Description of the task:
From the entries below, copy out every line with "informativa" in it.

++++++++++

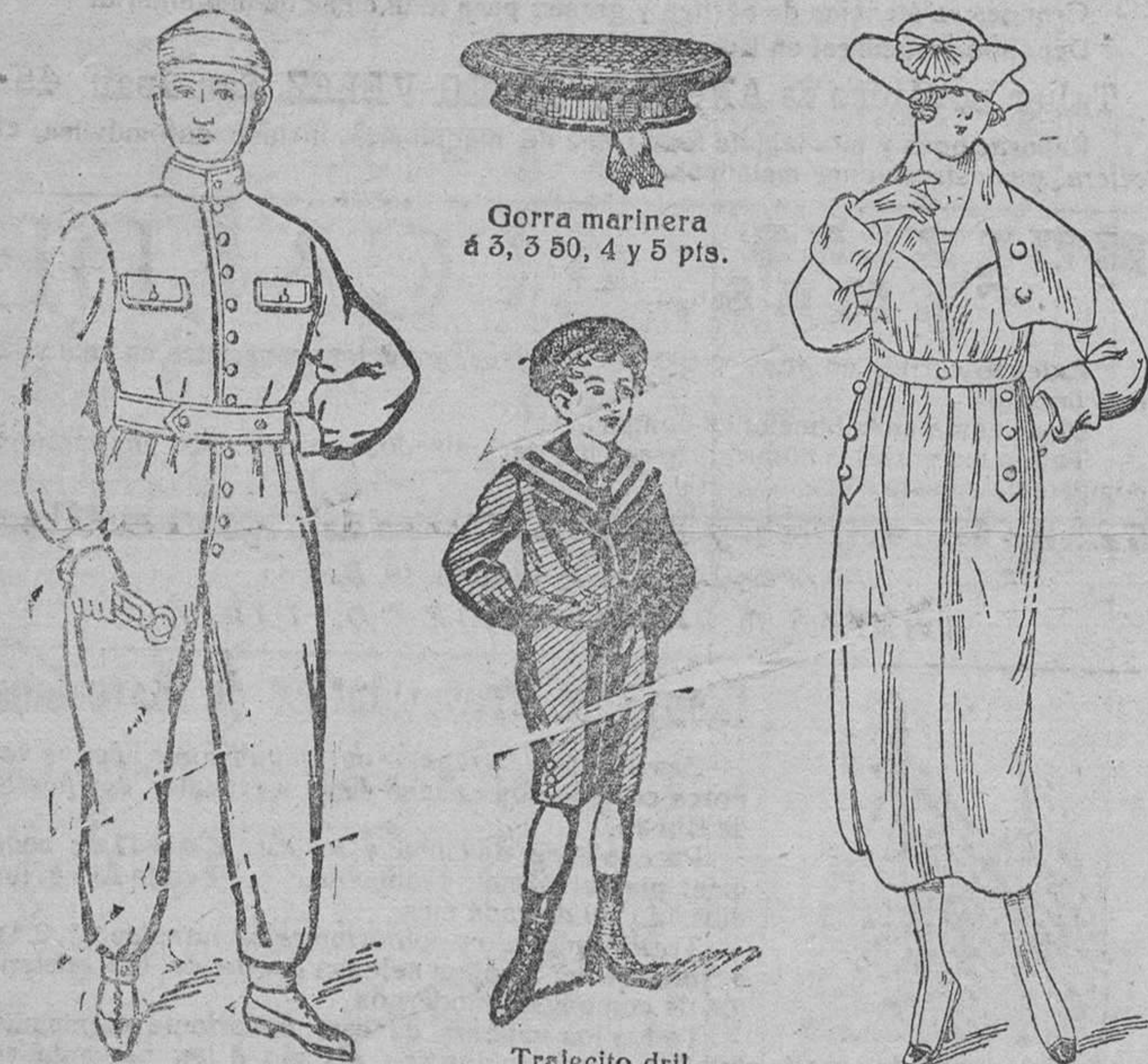
Gorra marinera á 3, 3'50, 4 y 5 pts.

Plaza Mayor, 42, y Lain-Calvo, 9.--Teléfono núm. 88.--Burgos
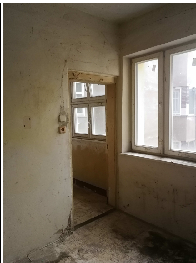
Obr. č. 15 – Kuchyně - vstup
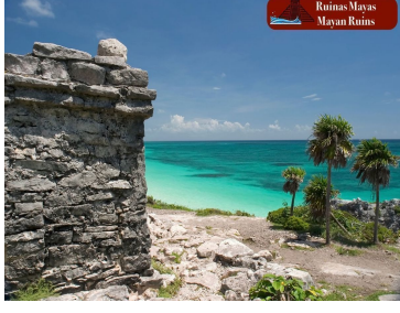
Ruinas Mayas Mayan Ruins
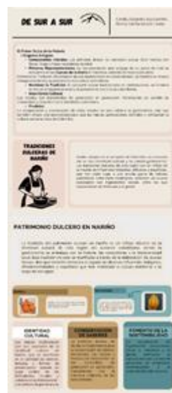
Figura 9 Infografía informativa.

Resultado de la infografía informativa sobre los temas tratantes en el trabajo.
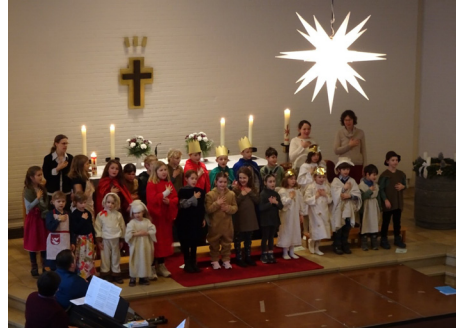
Krippenspiel mit Kinderchor und Krippenspielkindern
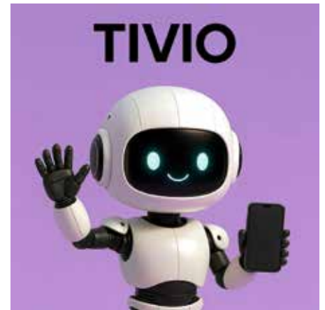
Tivio – der neue digitale Kollege in der Stadtverwaltung

Conrad Fink vom Arbeitskreis zur Erhaltung der Neckar-Schwarzpappel besuchte jüngst Lauffen und ließ uns ausrichten: „Ich habe mit Freude festgestellt, dass unsere neu gepflanzten Schwarzpappeln sehr schön ausgetrieben haben. Sie stehen sehr gut da und wachsen gut an. Das ist auch der guten Vorbereitung und der vorbildlichen Pflanzung (Gießrand, Doppeldreibock, Verbißschutz) zu verdanken. Ein Lob an Ihren Bauhof und die Stadtgärtnerei.“
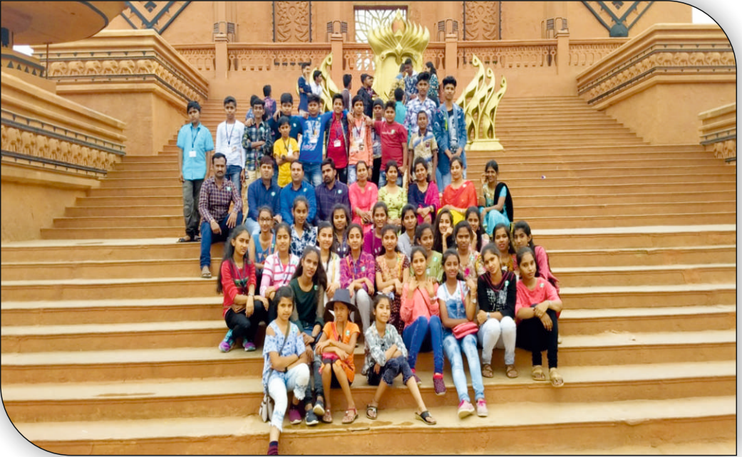
शैक्षणिक सहल हैदराबाद ( २०१९-२०२० )

++++++++++

Reply to the task:
Figura 9 Infografía informativa.
Resultado de la infografía informativa sobre los temas tratantes en el trabajo.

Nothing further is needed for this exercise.